Taxwise Or Otherwise
By Maria Jonas Yap
With the COVID-19 cases in the country continuing to decline and the restrictions relaxing, we are now slowly returning to our pre-pandemic lives.
And while there may still be a lot of uncertainty about the Philippines’ post-pandemic future, there are a few tax-related certainties we know so far.
TAXATION OF PROPRIETARY EDUCATIONAL INSTITUTIONS
Schools nationwide are now urged to allow limited face-to-face classes. For students who have missed out on classroom activities and interacting with school friends and teachers, the possibility of going back to school brings hope and confidence in reverting to the status quo.
Amidst the ongoing preparations for the anticipated face-to-face classes, there’s another reason private schools are especially delighted these days.
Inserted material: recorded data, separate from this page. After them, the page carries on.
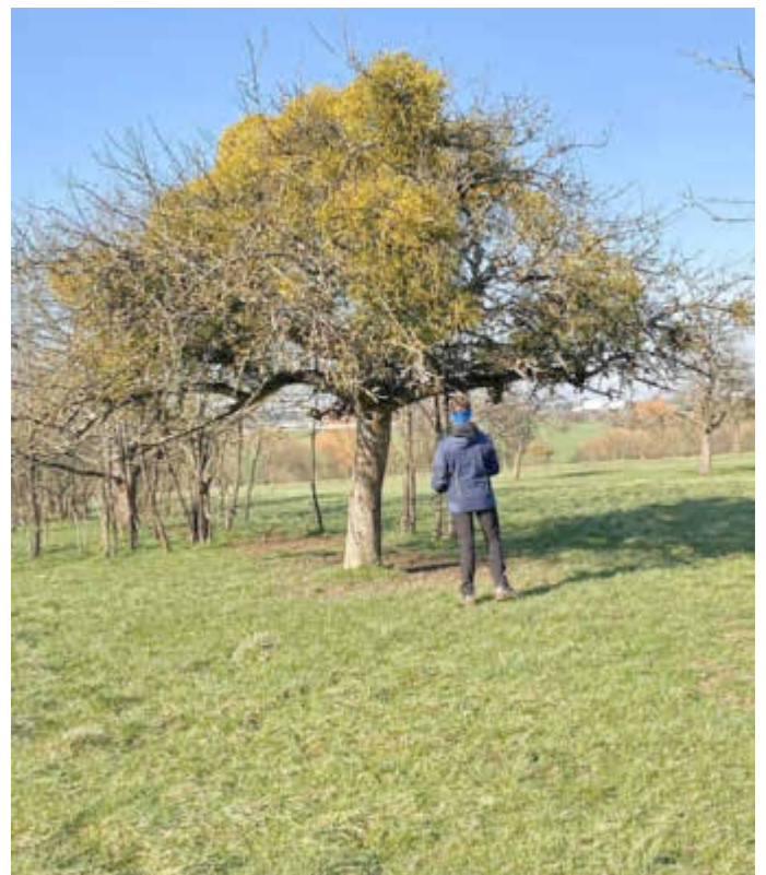
Bei der Erfassung der von Misteln befallenen Bäume bei Erfweiler-Ehlingen.

Selbstverständlich einhergehend mit der Bitte an die jeweiligen Grundstückseigentümer, diese Arbeiten zu unterstützen.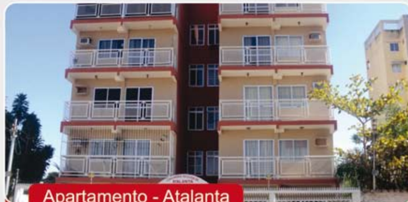
Apartamento - Atalanta

Apartamento - Cobertura, dúplex 3 quartos, sendo 2 suítes, 4 banheiros, 2 salas, cozinha, área de serviço, sauna, deck, localizado no centro de Caldas Novas.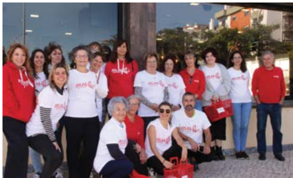
• Todos os sábados de manhã, cerca de duas dezenas de voluntários da Atlas percorrem as ruas de Pombal para entregar refeições quentes a 13 idosos

Tal como não seria possível sem os restaurantes beneméritos. E são 13 aqueles que semanalmente oferecem duas refeições quentes (Amigos da Velha Caroca, Churrasqueira Pérola dos Frangos, Churrasqueira Sem Penas, Churrasqueira Rainha do Frango, A Variante, Vintage, Cervejália, O Tapa, O Fidalgo, Tempero da São, Brisa Norte, O Paris e Pedro's). A estes somam-se mais três que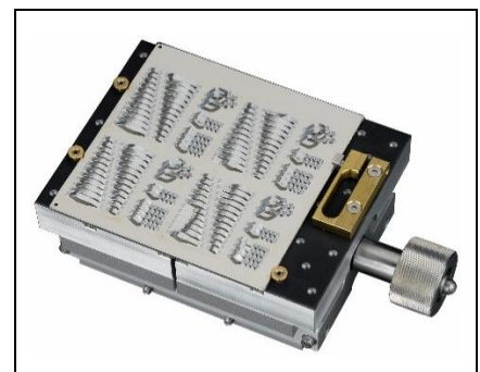
4x4" Substrataufnahme m. gummierter Oberfläche, mit mechanischer Klemmung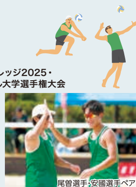
尾曾選手・安國選手ペア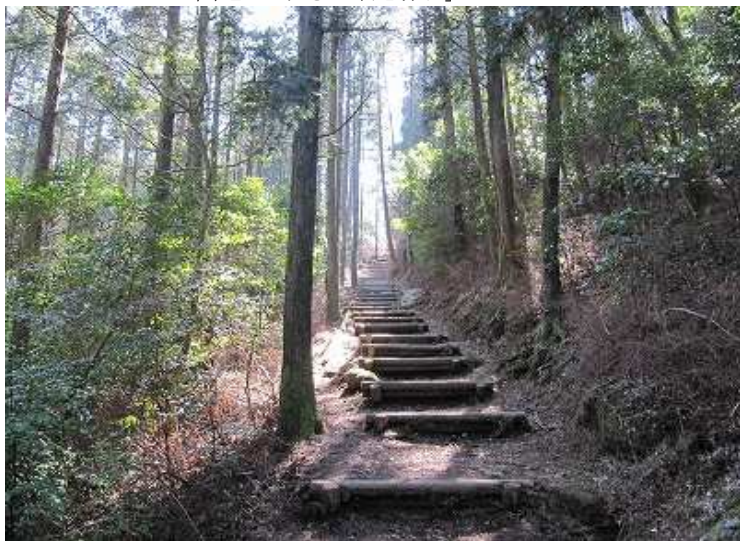
13:19 よく整備された登山道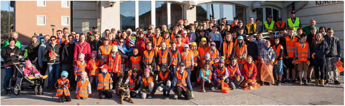
Foto: Gemeinsam für Kematen - Jung und Alt half mit, unseren Naherholungsraum zu säubern

In January, Republic Act No. 11635 amended Section 27(B) of the National Internal Revenue Code of 1997 to finally end the long-standing issue on the proper income tax treatment of proprietary educational institutions.
RA 11635 confirms that the strict interpretation of the original provisions of Section 27(B) of the Tax Code and the Corporate Recovery and Tax Incentives for Enterprises (CREATE) amendments under Revenue Regulations No. 5-2021 do not align with the objective of lawmakers to grant consideration to the education sector given the many challenges it faced during the pandemic — suspended operations and decline in enrolment, among others. With the amendment, it is now clear that for-profit educational institutions are eligible for the 10% preferential income tax rate and the 1% temporarily reduced rate between July 1, 2020 and June 30, 2023. Nonprofit educational institutions remain exempt from income tax under the Constitution.
The education sector can now breathe a sigh of relief and focus its efforts on the upcoming reopening of classes.
UPDATED LIST OF TOP WITHHOLDING AGENTS
With the relaxed health restrictions, most business establishments are now allowed to operate at full capacity as long as they comply with the minimum health protocols set forth by the Department of Health. As more establishments open, taxpayers are expected to have increased dealings with current suppliers and perhaps even gain new suppliers. Taxpayers should be mindful of withholding tax obligations on their purchases.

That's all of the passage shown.